● Exercise instructions
Could you print the listing again exactly, omitting the pictures?

● Collected material
Start of Block

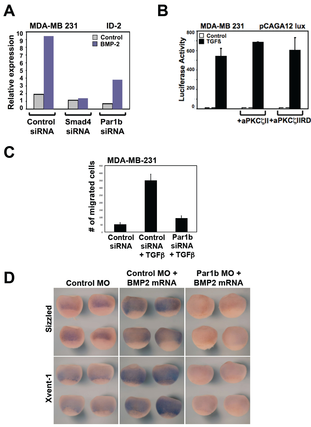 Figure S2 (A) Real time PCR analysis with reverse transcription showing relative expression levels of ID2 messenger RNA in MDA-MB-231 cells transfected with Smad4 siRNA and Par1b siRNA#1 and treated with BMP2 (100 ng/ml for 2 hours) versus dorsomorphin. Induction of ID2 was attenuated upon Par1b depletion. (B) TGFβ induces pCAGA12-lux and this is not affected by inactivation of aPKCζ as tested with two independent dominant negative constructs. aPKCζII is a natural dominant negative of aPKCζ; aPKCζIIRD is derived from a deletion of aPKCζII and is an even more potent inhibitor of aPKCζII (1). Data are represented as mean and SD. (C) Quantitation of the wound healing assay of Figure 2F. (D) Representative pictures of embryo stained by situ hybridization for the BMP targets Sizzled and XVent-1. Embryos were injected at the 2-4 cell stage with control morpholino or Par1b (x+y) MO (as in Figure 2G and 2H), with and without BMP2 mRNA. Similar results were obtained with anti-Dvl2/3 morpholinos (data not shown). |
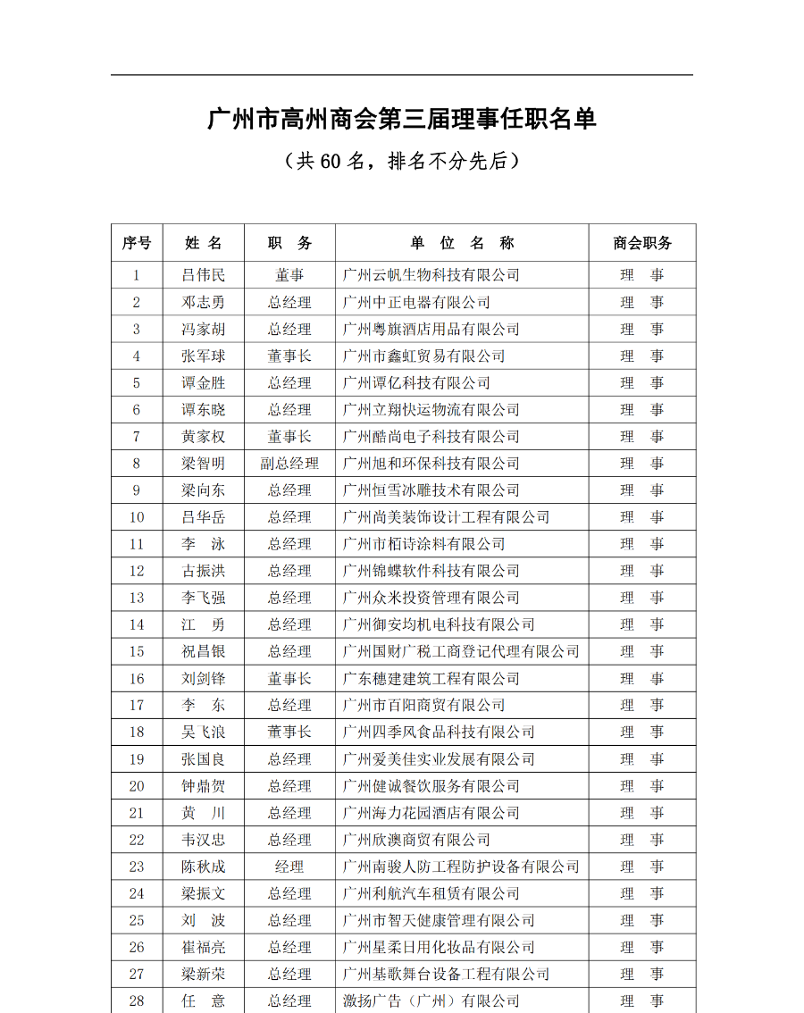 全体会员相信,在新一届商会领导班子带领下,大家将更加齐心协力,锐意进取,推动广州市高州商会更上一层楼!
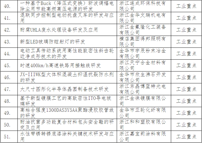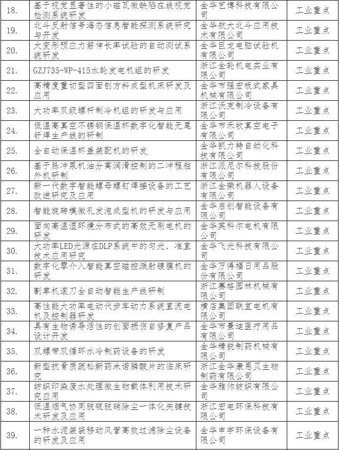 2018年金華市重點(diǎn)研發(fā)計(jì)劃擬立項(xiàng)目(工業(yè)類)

End of Block

● Exercise answer
 Figure S2 (A) Real time PCR analysis with reverse transcription showing relative expression levels of ID2 messenger RNA in MDA-MB-231 cells transfected with Smad4 siRNA and Par1b siRNA#1 and treated with BMP2 (100 ng/ml for 2 hours) versus dorsomorphin. Induction of ID2 was attenuated upon Par1b depletion. (B) TGFβ induces pCAGA12-lux and this is not affected by inactivation of aPKCζ as tested with two independent dominant negative constructs. aPKCζII is a natural dominant negative of aPKCζ; aPKCζIIRD is derived from a deletion of aPKCζII and is an even more potent inhibitor of aPKCζII (1). Data are represented as mean and SD. (C) Quantitation of the wound healing assay of Figure 2F. (D) Representative pictures of embryo stained by situ hybridization for the BMP targets Sizzled and XVent-1. Embryos were injected at the 2-4 cell stage with control morpholino or Par1b (x+y) MO (as in Figure 2G and 2H), with and without BMP2 mRNA. Similar results were obtained with anti-Dvl2/3 morpholinos (data not shown). |
 全体会员相信,在新一届商会领导班子带领下,大家将更加齐心协力,锐意进取,推动广州市高州商会更上一层楼!
 2018年金華市重點(diǎn)研發(fā)計(jì)劃擬立項(xiàng)目(工業(yè)類)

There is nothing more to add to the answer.